● What you need to do
Could you set down the listing below exactly and omit its images?

+++ Collected data

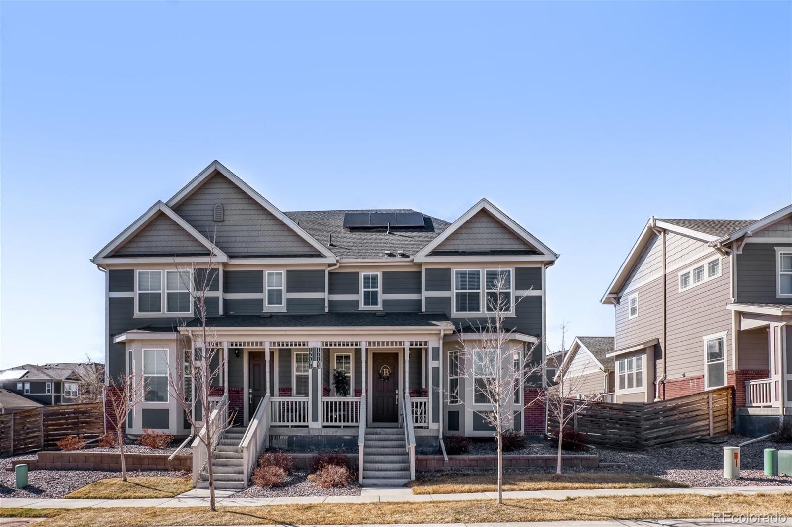 Meticulously maintained and beautifully appointed, this LIKE NEW paired home in highly sought after Palisade Park offers modern living at its finest. The main level features a bright, open floor plan that seamlessly connects the great room, dining area, and kitchen, with sliding glass doors opening to a private deck—ideal for relaxing or entertaining. The stylish kitchen is equipped with granite countertops, stainless steel appliances, and a gas range. Luxury vinyl plank flooring extends throughout the main level, creating a clean, cohesive look. Upstairs, you’ll find two spacious bedrooms along with a versatile loft—perfect as a home office, playroom, workout area, or additional lounge space. The primary suite includes a private bath and walk in closet for added comfort. The unfinished basement is plumbed in and ready for your future vision, offering excellent potential for added living space. Additional highlights include energy efficient solar panels, a low maintenance yard, a low HOA, and a 2 car attached garage. Perfectly located just minutes from I 25, E 470, and Highway 7, this home offers easy access to Denver and Boulder. You’re also close to Orchard Town Center, Larkridge Shopping Center, Colorado National Golf Club, Topgolf, and Children’s Hospital—putting convenience, recreation, and amenities right at your fingertips.
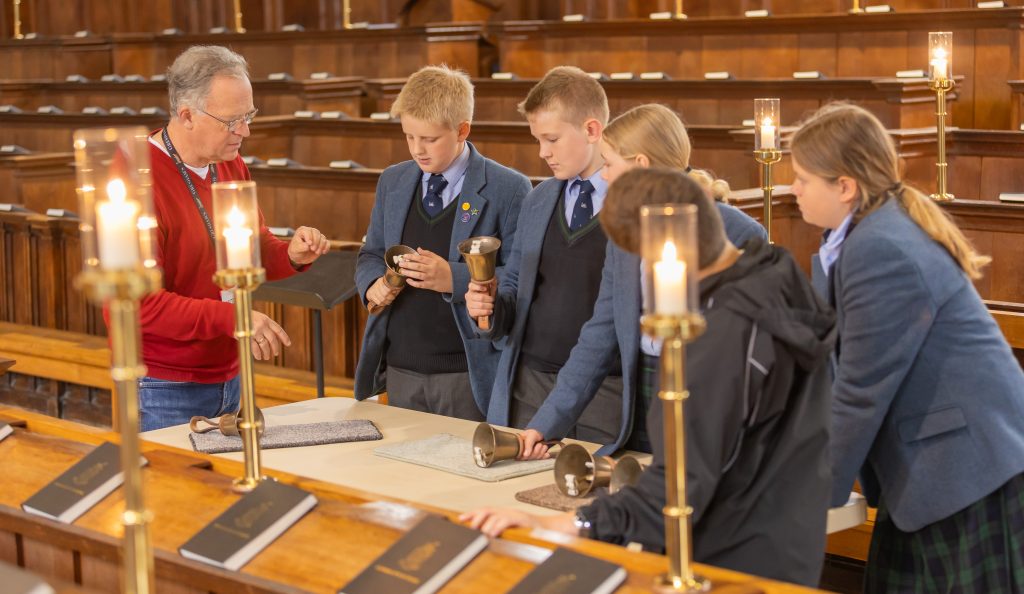 Last Saturday some of our Prep and Senior pupils were given the opportunity to learn about the wonderful world of bellringing at a special workshop in Chapel. Pupils had the chance to ring: handbells; electronic bells and the bells on a mini church tower which was constructed at the West End of the building. Those taking part also enjoyed learning about the ancient craft of bell rope making. A superb time was had by all.
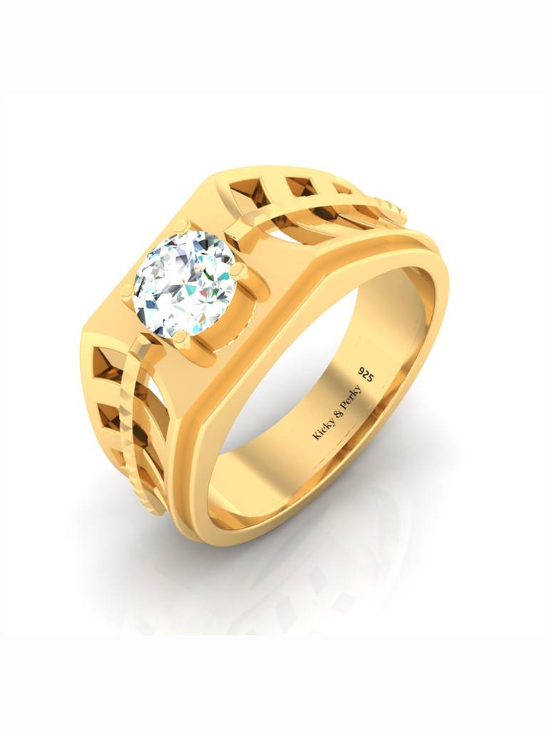 Kicky & Perky925 Sterling Silver Gold-Plated Ring For Men-Silcgmenr002

++++++

● Answer space
 Meticulously maintained and beautifully appointed, this LIKE NEW paired home in highly sought after Palisade Park offers modern living at its finest. The main level features a bright, open floor plan that seamlessly connects the great room, dining area, and kitchen, with sliding glass doors opening to a private deck—ideal for relaxing or entertaining. The stylish kitchen is equipped with granite countertops, stainless steel appliances, and a gas range. Luxury vinyl plank flooring extends throughout the main level, creating a clean, cohesive look. Upstairs, you’ll find two spacious bedrooms along with a versatile loft—perfect as a home office, playroom, workout area, or additional lounge space. The primary suite includes a private bath and walk in closet for added comfort. The unfinished basement is plumbed in and ready for your future vision, offering excellent potential for added living space. Additional highlights include energy efficient solar panels, a low maintenance yard, a low HOA, and a 2 car attached garage. Perfectly located just minutes from I 25, E 470, and Highway 7, this home offers easy access to Denver and Boulder. You’re also close to Orchard Town Center, Larkridge Shopping Center, Colorado National Golf Club, Topgolf, and Children’s Hospital—putting convenience, recreation, and amenities right at your fingertips.
 Last Saturday some of our Prep and Senior pupils were given the opportunity to learn about the wonderful world of bellringing at a special workshop in Chapel. Pupils had the chance to ring: handbells; electronic bells and the bells on a mini church tower which was constructed at the West End of the building. Those taking part also enjoyed learning about the ancient craft of bell rope making. A superb time was had by all.
 Kicky & Perky925 Sterling Silver Gold-Plated Ring For Men-Silcgmenr002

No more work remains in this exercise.